Tuesday, 11 September 2007

Existential Youth Violence

I was listening to a podcast about youth violence at parties. One of the guests, a researcher at Griffith University, said that as a survey response to the question "Is violence an acceptable method of solving problems?" the respondents overwhelmingly say that it is not. However, research showed that when the context changes through the addition of alcohol and unfamiliar social situations (e.g., a party with gatecrashers, a party including people who don't normally socialise, etc.) then violence is more likely to erupt.

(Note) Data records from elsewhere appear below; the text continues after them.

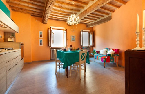 This delightful apartment completely renovated and furnished with extreme care, is located in the heart of San Gimignano, a few steps from the Duomo and the famous Piazza della Cisterna. It consists of a large open space divided between living room-kitchen, bathroom and bedroom.
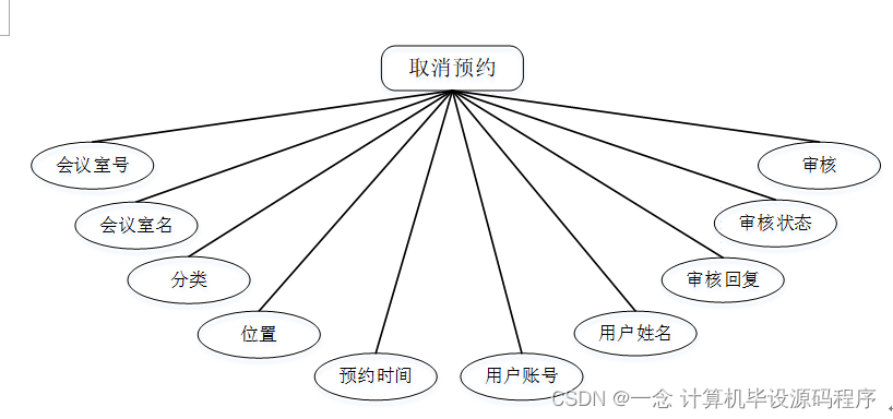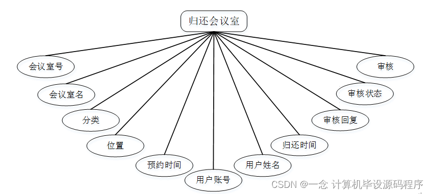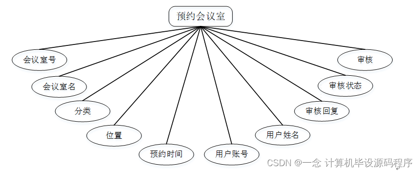 通过对微信小程序的会议室预约管理系统的主要功能信息进行规划并分为若干功能实体信息,实体信息将使用E-R图加以表示,本系统的主要功能实体图如图4-2、图4-3、图4-4所示。
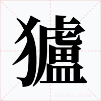 “獹” 字共有 19 画,拼音:lú,注音:ㄌㄨˊ,部首:犭,笔画数:19 画,字体结构:左右结构,五行:火,五笔:QTHL,Unicode编码:U+7379,郑码:QMKL,仓颉:KHYPT,“獹”字笔顺为:ノフノ丨一フノ一フ丨フ一丨一丨フ丨丨一
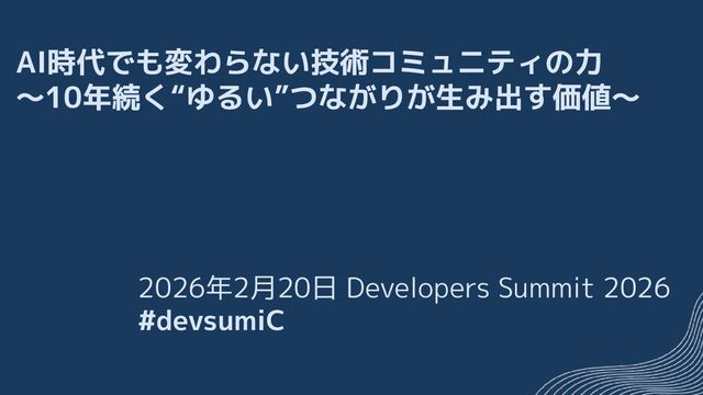 AI時代でも変わらない技術コミュニティの力 ~10年続く“ゆるい”つながりが生み出す価値~ 2026年2月20日 Developers Summit 2026 #devsumiC
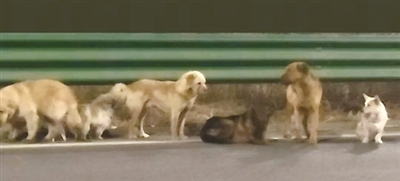 近日,吉林长春有网友拍到7只狗在长双快速路结伴而行。

There appear to be two factors at work here. One of them is chemical and the other is social. The chemical one is easy: the presence of alcohol as contributing to violence. It is no secret that alcohol lowers inhibitions and self-control. A sober feeling of sexual attraction can become a drunken feeling of sexual arousal. A sober feeling of embarassament from a tease can become a drunken feeling of anger. The potential list of examples is as endless as the range of human emotion. I don't think that the solution is prohibition or abstinence. Admittedly, this reduction in self-control is probably part of the reason that in Australia there is an age limit for the consumption of alcohol. There is an assumption that people develop greater emotional maturity (including self-control) with aging. I think it is fair to say that this is not a universal law. There are some very mature teenagers and some very emotionally stunted adults. If anything, this is a call for moderation and some kind of sober presence. People need a designated driver, not just to get them home, but to act as an inhibitor for losing control. Alcohol, when consumed in moderation, has been counted as a blessing and a joy for centuries. When consumed in excess, it is an evil that causes more social harm than heroin or methamphetamines.

The second factor is social, or existential. That is to say, the behaviour of the individual changes as the social and environmental context changes. Wittgenstein would suggest that this is because the language game has changed, and therefore the rules by which the participants play has changed. Context (the language game) dictates how the participants play. Alternatively, this can be viewed as a matter of how people behave in the moment, in the instant of the action. In that moment, the violent act has created a violent person. The perception of that person as held by onlookers is immediately changed. We see this in statements like, "I never knew he was a violent person" or the even more delusional statement from the perpetrator, "I'm not a violent person. I don't know why I did that."

It is an existential truth that the act defines the being, that existence precedes essence. Perhaps Forrest Gump said it well, "Stupid is as stupid does." Violent is as violent does.

And yet, once the person is removed from the context (the presence of antagonistic strangers, the excessive consumption of alcohol, etc.), they cease to be a violent being. The violence is a product of that person in that context. Strategies to stop this kind of violence must take that into consideration. Any less and the solution will be false.